Analytical Chemistry
|April 10, 2025
Summary
A new laser-engraved sensor array uses electrochemical fingerprinting and a convolutional neural network (CNN) to accurately identify tea polyphenols and differentiate Chinese tea varieties. This method offers a reliable approach for agricultural product authentication.
Area of Science:
- Analytical Chemistry
- Sensor Technology
- Machine Learning
Background:
- Differentiating natural products with similar chemical structures in complex matrices is analytically challenging.
- Conventional methods often lack the sensitivity and specificity required for complex sample analysis.

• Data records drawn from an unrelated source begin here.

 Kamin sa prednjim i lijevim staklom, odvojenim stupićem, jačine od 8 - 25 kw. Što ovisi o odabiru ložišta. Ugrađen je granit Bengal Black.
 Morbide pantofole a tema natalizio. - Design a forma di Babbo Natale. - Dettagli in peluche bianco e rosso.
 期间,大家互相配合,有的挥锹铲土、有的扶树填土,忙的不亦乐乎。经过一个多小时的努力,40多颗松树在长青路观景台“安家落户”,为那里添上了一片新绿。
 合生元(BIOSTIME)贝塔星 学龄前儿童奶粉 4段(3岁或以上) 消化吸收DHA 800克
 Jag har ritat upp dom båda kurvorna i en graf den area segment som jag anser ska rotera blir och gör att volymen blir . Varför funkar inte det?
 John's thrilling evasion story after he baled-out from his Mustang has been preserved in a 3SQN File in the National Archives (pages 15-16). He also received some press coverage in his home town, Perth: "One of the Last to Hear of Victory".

- Accurate authentication of agricultural products like tea is crucial for quality control and consumer trust.
Purpose of the Study:
- To develop a novel sensing strategy for the rapid and precise detection of tea polyphenols.
- To differentiate various types of Chinese teas using multiplexed electrochemical fingerprinting.
- To enhance the accuracy of tea identification through advanced machine learning algorithms.
Main Methods:
- Development of a laser-engraved sensor array with three distinct working electrode configurations (bare, nanoenzyme, bioenzyme).
- Application of multiplex electrochemical fingerprinting to generate unique signals from complex samples.
- Utilization of a self-designed one-dimensional convolutional neural network (1D-CNN) for feature extraction and pattern recognition.
Main Results:
- Successful detection of three key tea polyphenols.
- Accurate differentiation of six Chinese tea series (98.84%) and 24 distinct tea varieties (97.68%).
- Demonstrated superior accuracy of the deep learning-assisted electrochemical fingerprinting compared to other machine learning methods.
Conclusions:
- The developed sensor array and 1D-CNN algorithm provide a rapid, reliable, and highly accurate method for tea polyphenol detection and tea authentication.
- This approach significantly advances the capabilities for identifying and authenticating complex agricultural products.
- The study highlights the potential of integrating advanced sensing technologies with deep learning for food analysis and quality assurance.